2. Create an analysis object for the target Java application.
3. Iterate over all files in the application.
4. Iterate over all classes in a file.
5. Sanitize the class for prompting the LLM.
6. Create treesitter-based Java and Python analysis objects

In [None]:
%%bash
python3 -m venv .venv
source .venv/bin/activate
pip install -U -r requirements.txt

## Let's setup our LLM 

We'll be using open router, so we'll load the API key from the environment variable `OPENROUTER_API`.

In [None]:
## Import API keys
import os
from dotenv import load_dotenv

load_dotenv(dotenv_path=os.getenv("PWD") + "/.env", override=True)
# Load environment variables from .env file
    
print("API keys loaded successfully.")
print(f"API_KEY: {os.getenv('OPENROUTER_API')[:3]}...{os.getenv('OPENROUTER_API')[-3:]}")
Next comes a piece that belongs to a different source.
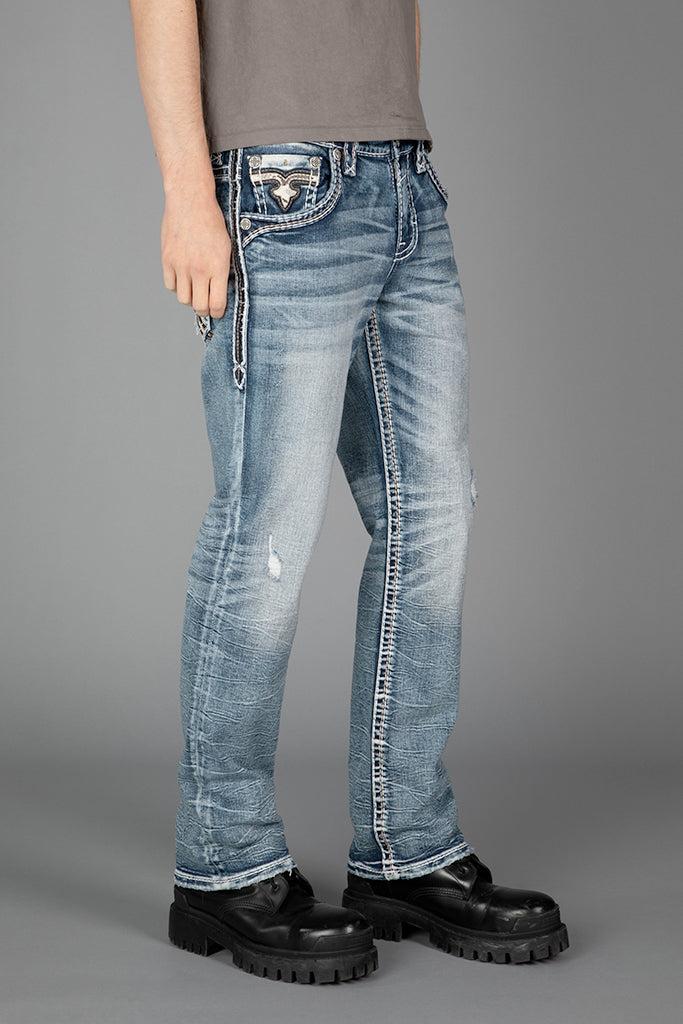 Timeless in form. The Lawrence Straight Jeans redefine men’s premium straight-leg denim with quiet confidence. Crafted from premium stretch denim, this classic straight fit offers versatility and all-day wearability. The silhouette remains sharp yet flexible, engineered for movement without compromise. Intricate stitching and subtle distressing add depth without excess, while the 'R' back pocket design offers a modern evolution of Rock Revival’s signature craftsmanship. Finished with custom pewter buttons and rivets, along with a metal-engraved “Rock Revival” leather patch. Built for longevity. A statement. A standard. Details: Men’s straight-leg jeans, structured yet versatile Premium stretch denim, engineered for movement 'R' back pocket design, a modern mark of distinction Custom pewter buttons and rivets Metal-engraved “Rock Revival” patch Designed in Los Angeles, California
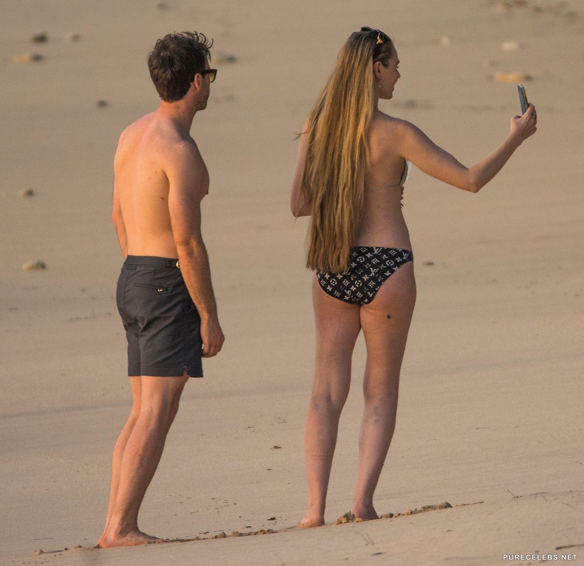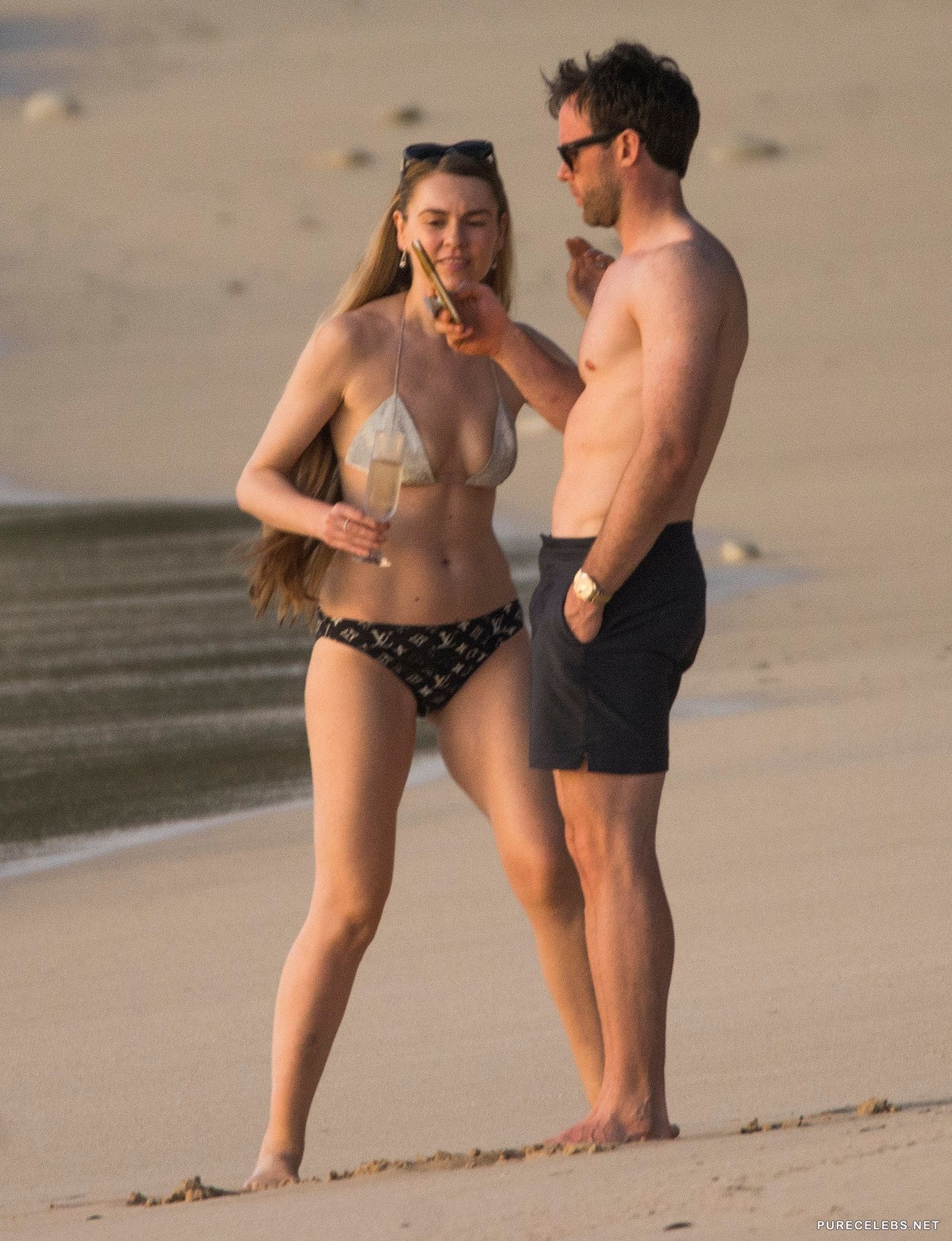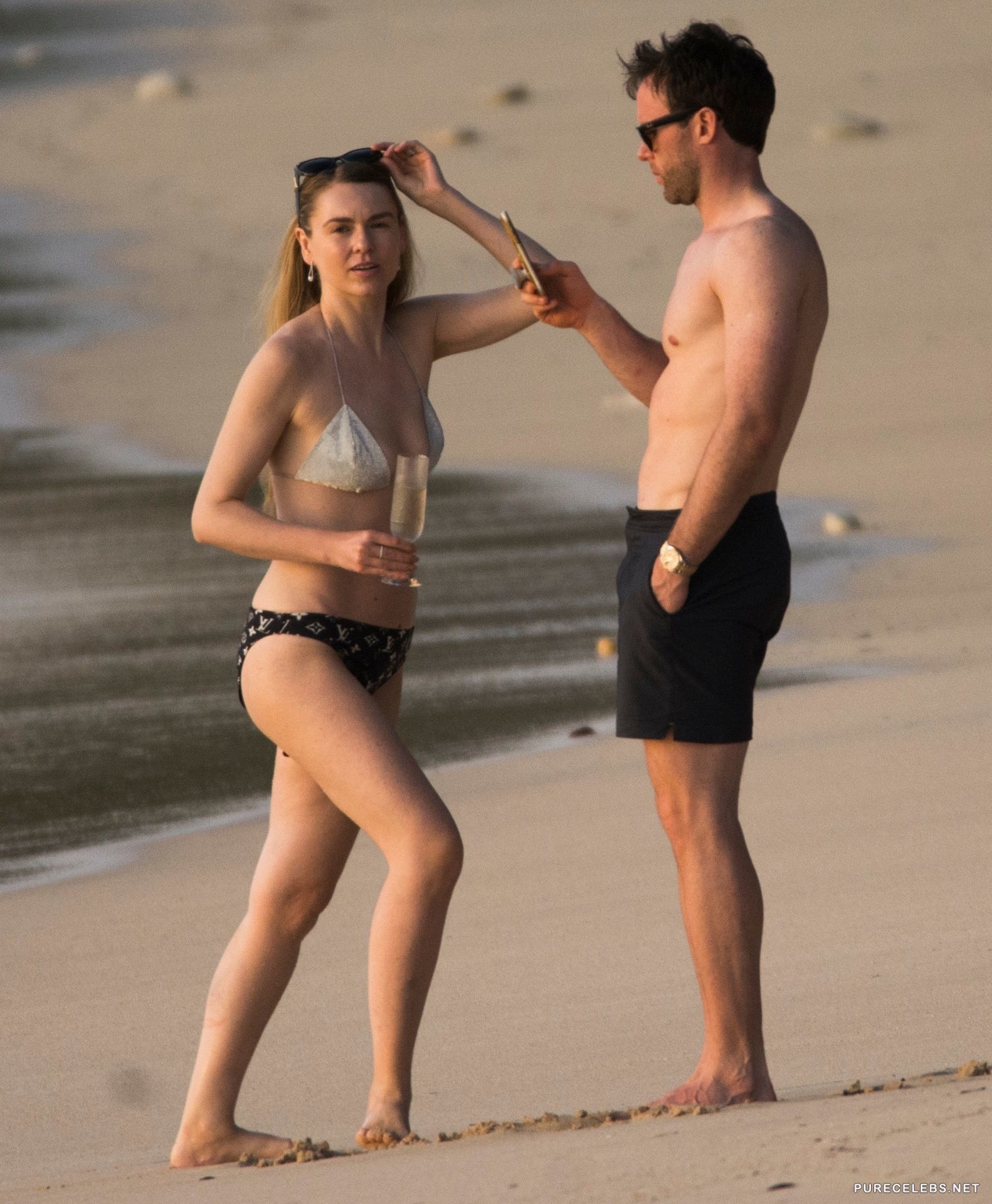 Northern Irish television presenter Zoe Salmon was spotted while relaxing on the beach and immediately photographed by paparazzi. The celebrity was dressed in a small bikini that perfectly demonstrated her slim figure. Her awesome tits were ready to slip out of a small white bra at any moment. And in black panties with a print, her ass looked just incredibly seductive! You definitely can not resist this hot beauty!

#### Let's create a simple prompting function

This function will take a prompt and return the response from the OpenRouter API.

In [None]:
from openai import OpenAI


def prompt(message: str) -> str:
    """
    Function to prompt the user for input.
    """
    client = OpenAI(
        base_url="https://openrouter.ai/api/v1",
        api_key=os.getenv("OPENROUTER_API"),  # OpenRouter API key
    )
    completion = client.chat.completions.create(
        model="meta-llama/llama-3.2-3b-instruct:free", messages=[{"role": "user", "content": message}]
    )

    return completion.choices[0].message.content

def test_prompt():
    """
    Test function to check if the prompt function works correctly.
    """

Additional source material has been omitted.